**Required work**
Among the records that follow, set down only the lines from the one containing "精品v6:全神电13星+天神" to the one containing "Diplôme de l'Ecole", both included, exactly.

Data records:

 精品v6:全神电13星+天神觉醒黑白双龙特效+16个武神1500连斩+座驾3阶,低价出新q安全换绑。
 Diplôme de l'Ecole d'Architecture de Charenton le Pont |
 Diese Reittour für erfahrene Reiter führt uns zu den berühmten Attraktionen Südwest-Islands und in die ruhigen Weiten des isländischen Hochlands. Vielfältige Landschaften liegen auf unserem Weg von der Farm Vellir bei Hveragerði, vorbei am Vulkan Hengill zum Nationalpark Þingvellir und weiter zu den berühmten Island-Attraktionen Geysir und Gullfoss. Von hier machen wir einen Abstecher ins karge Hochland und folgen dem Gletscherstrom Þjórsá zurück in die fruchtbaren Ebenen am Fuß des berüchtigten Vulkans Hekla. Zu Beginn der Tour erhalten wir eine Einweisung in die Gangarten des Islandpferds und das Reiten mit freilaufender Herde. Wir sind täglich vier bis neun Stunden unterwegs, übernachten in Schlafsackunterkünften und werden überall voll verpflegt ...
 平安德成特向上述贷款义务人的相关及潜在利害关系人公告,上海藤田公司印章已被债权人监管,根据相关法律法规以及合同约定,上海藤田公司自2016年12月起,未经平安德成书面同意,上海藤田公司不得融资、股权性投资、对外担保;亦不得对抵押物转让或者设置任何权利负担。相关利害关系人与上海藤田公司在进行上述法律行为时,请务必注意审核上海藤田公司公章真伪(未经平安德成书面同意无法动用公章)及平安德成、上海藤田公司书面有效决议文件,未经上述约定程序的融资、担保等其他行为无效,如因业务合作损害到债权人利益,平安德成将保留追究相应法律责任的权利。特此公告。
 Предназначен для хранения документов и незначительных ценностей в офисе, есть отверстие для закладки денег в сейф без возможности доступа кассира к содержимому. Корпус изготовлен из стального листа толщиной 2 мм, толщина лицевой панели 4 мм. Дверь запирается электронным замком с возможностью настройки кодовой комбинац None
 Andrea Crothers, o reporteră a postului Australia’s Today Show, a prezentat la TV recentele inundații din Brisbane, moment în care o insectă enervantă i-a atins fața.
* * *
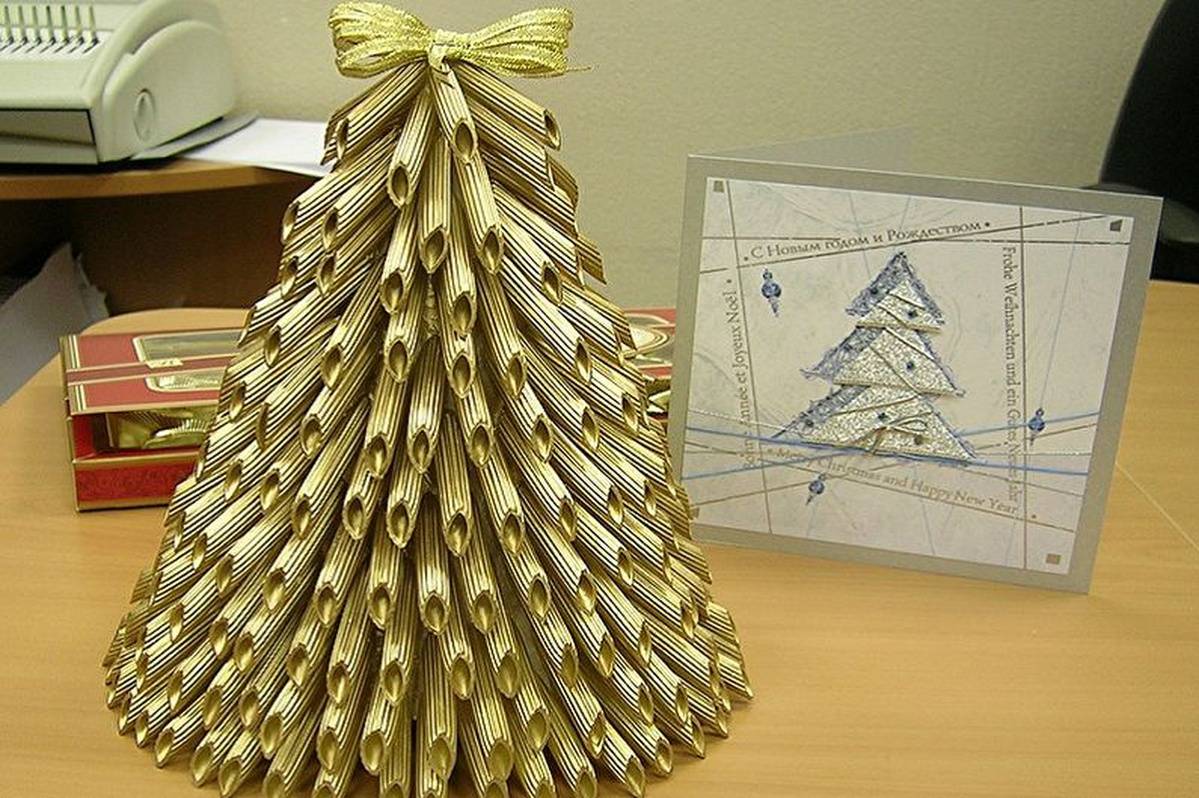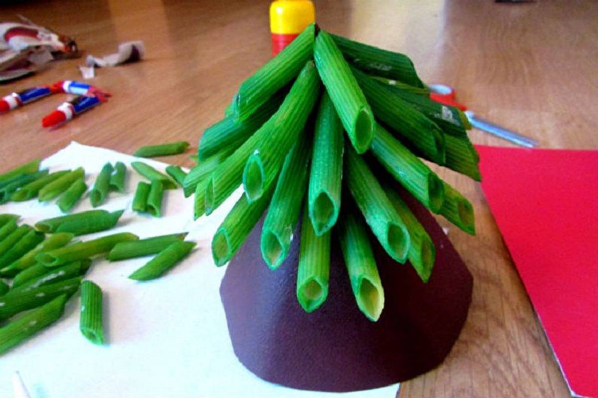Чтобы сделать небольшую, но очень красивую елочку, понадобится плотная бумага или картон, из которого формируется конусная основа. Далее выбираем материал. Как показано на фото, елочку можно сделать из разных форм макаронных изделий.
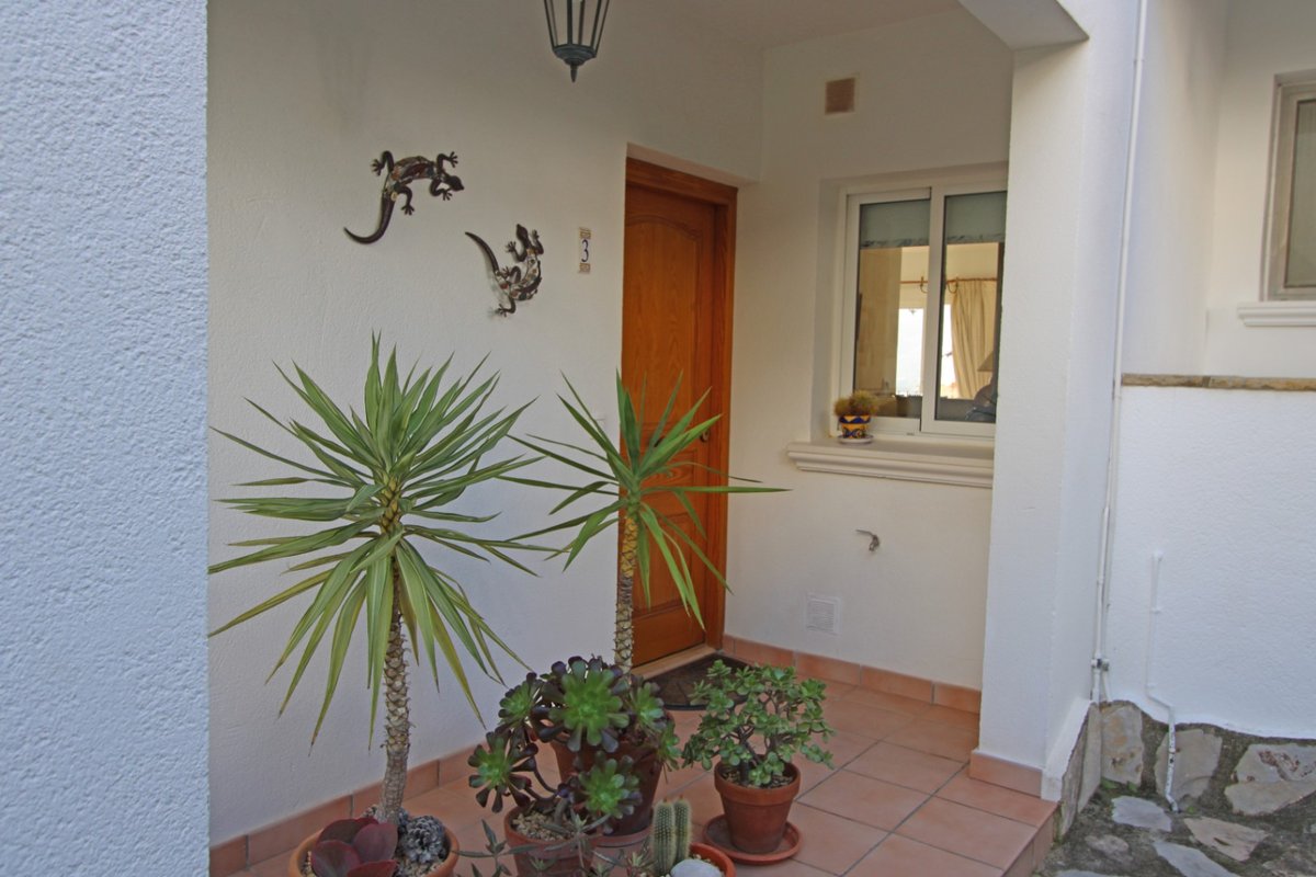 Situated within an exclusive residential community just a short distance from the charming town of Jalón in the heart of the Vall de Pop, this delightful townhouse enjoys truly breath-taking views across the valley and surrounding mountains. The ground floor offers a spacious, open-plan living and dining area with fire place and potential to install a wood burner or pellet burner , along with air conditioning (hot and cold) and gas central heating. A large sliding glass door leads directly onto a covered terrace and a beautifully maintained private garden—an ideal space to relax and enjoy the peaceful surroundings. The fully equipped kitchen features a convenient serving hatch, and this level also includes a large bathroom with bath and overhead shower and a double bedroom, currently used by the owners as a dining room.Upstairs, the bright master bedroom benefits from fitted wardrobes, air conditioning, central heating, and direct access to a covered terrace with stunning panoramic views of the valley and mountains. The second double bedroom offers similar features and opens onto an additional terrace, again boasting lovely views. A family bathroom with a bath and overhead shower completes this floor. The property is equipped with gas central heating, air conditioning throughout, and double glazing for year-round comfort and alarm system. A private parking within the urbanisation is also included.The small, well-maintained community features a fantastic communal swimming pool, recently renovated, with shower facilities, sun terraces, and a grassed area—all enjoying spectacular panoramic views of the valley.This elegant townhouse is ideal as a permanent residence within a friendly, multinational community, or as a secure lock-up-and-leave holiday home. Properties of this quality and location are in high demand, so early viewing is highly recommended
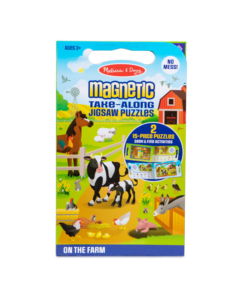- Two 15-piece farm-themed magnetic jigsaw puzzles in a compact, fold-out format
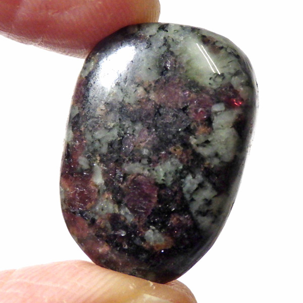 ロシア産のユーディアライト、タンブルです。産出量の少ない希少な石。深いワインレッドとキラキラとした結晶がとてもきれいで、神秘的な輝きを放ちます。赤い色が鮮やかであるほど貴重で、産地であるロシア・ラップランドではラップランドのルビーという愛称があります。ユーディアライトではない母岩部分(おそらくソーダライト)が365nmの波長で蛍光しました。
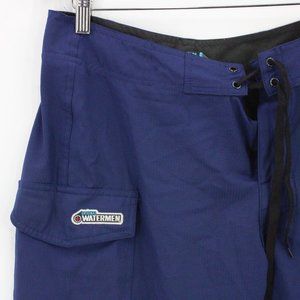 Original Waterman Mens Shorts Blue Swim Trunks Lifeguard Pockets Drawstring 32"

**Solution for this problem**
 精品v6:全神电13星+天神觉醒黑白双龙特效+16个武神1500连斩+座驾3阶,低价出新q安全换绑。
 Diplôme de l'Ecole d'Architecture de Charenton le Pont |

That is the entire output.